Mr KEENAN (Stirling) (16:48): The Family Law Amendment (Validation of Certain Orders and Other Measures) Bill 2012 has been necessitated by the failure of the government to provide for the proclamation of the provisions of the Family Law Amendment (De Facto Financial Matters and Other Measures) Act 2008, which was passed with coalition support and relied on referrals of power by the states to the Commonwealth, with the exception of my home state of Western Australia, agreed through the Standing Committee of Attorneys-General in 2002. The intention of the legislation was to provide for national uniformity for all relationship breakdown matters and to confer jurisdiction on the courts with the best resources for resolving the breakdown of relationships, namely the Family Court and the Federal Magistrates Court. Section 40(2) of the Family Law Act 1975 provides that any addition to the jurisdiction of the federal Family Court is not conferred until there is a proclamation by the Governor-General to that effect under section 40. No such proclamation was made following the passage of the 2008 act and this omission was not detected, as the coalition understands, until it was picked up by a sharp-eyed judge in December last year.
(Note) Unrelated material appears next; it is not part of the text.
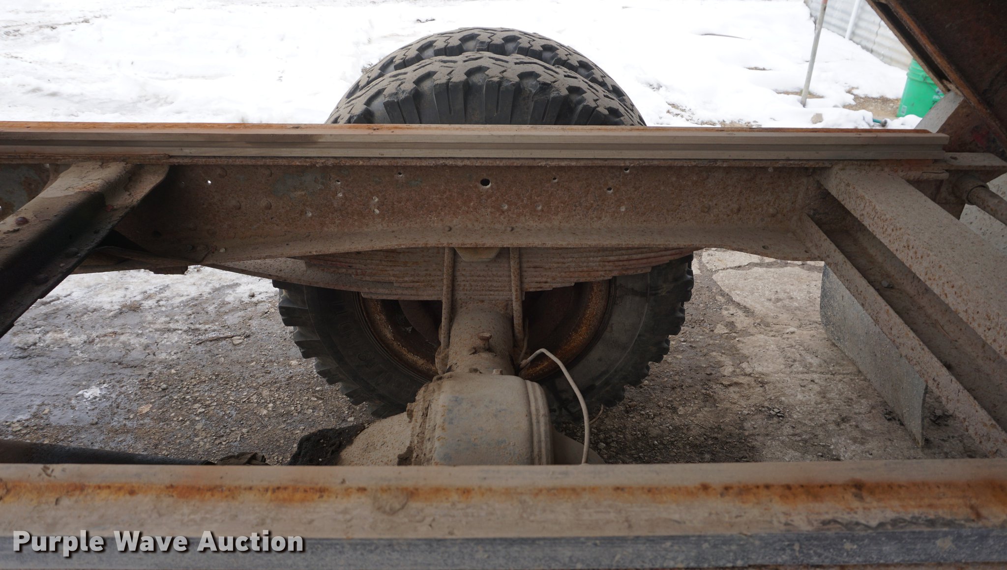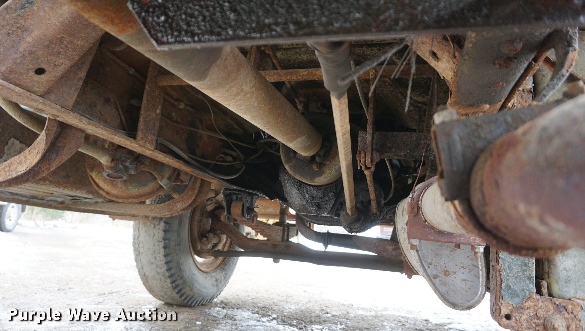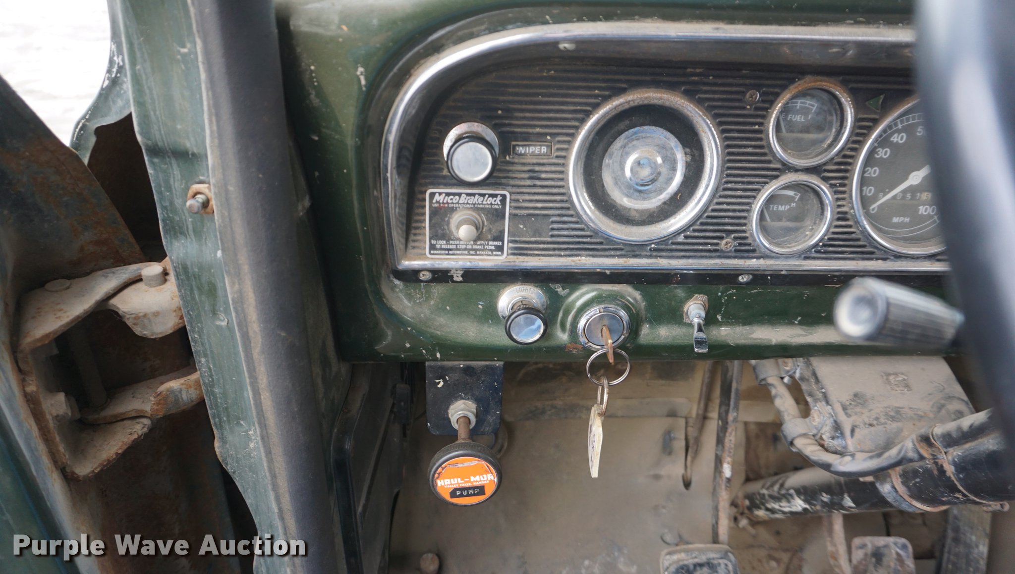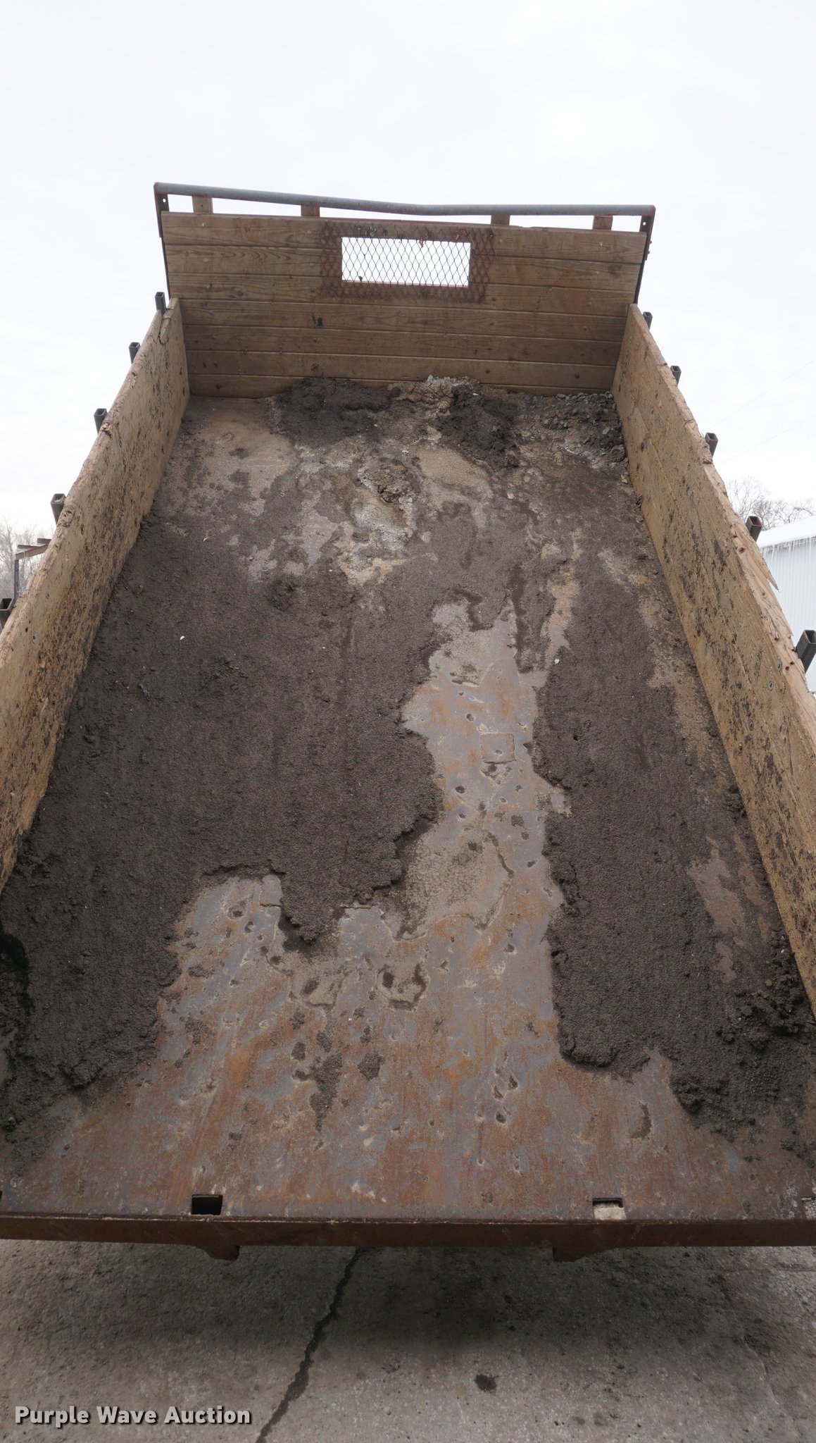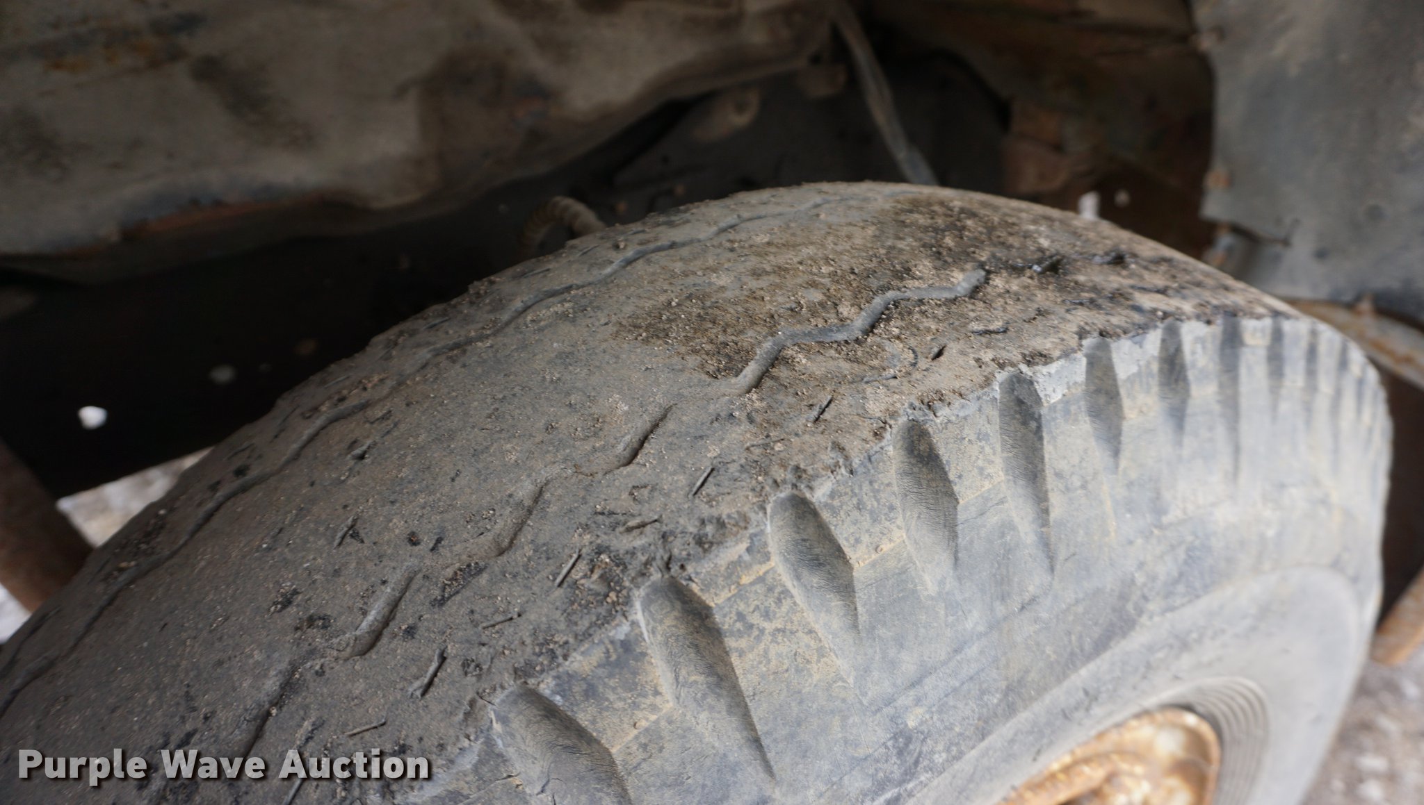 Purple Wave is selling a used Construction Dump Truck in Kansas. This item is a 1976 Ford F600 dump truck with the following: 83,051 miles on odometer, Ford 358 C.I.D. V8 gas engine, Five speed manual transmission, Two speed rear end, Single axle, Heat, AM/FM, PTO, 13.5'L x 93"W steel dump bed, 22" side board height, Single ram hoist, Single fuel tank, Pin hitch, Spring suspension, Hydraulic brakes, 9.00-20 tires, Brake issues, King pins worn
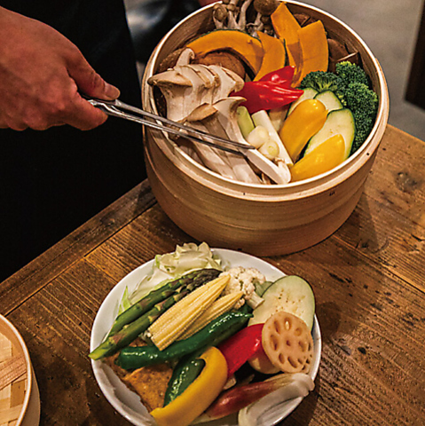 お通し代として500円(税込)でおかわり自由の焼野菜をご提供!生野菜スティックもあります◎

Even so, relevant proclamations were not made until 9 February this year fixing 11 February as the date on and after which the jurisdiction of the Family Court and the Federal Magistrates Court could be exercised in de facto financial matters. The failure to proclaim the relevant amendments had the result that property and maintenance orders by the federal Family Courts in de facto matters from 1 March 2009 to 10 February 2012 were made without jurisdiction and are invalid. Orders of the Family Court in appeals from the Family Court of Western Australia which do not require the vesting of jurisdiction are similarly affected.

This legislation is therefore required to validate those orders retrospectively and the coalition, as my colleague the shadow Attorney-General Senator Brandis foreshadowed in February when this problem first came to our attention, will certainly be happy to cooperate in ensuring that certainty can be returned to the jurisdiction.

What is difficult to understand, however, is how slack and uncomprehending the Gillard government has been in dealing with this matter. Literally thousands of orders are in doubt, affecting thousands of Australian families. In the Australian of 29 January, we read of a Melbourne mother of five who faced losing her home because her former partner had stopped paying the mortgage, as the Federal Magistrates Court had ordered him to do last August. The mother, we are told, would have spent at least another $6,000 on legal fees because her original court orders were invalid. Many Australian families whose principal source of income is from property and maintenance orders have been left in limbo dependent on the good faith of their former partners and without recourse to enforcing it, as so often happens in family law matters, as former partners seek to skip out on their obligations. This therefore is a matter of great urgency, but you would not know it from the actions of the Labor government. The problem, which was an inexplicable bureaucratic oversight, was detected last December. While courts typically go into recess over December and January, the family law jurisdiction is different. Those familiar with the family law jurisdiction will know that it can be a time of immense stress about finances in relationships, and any family lawyer would be able to tell you that they have a busy time over the summer period.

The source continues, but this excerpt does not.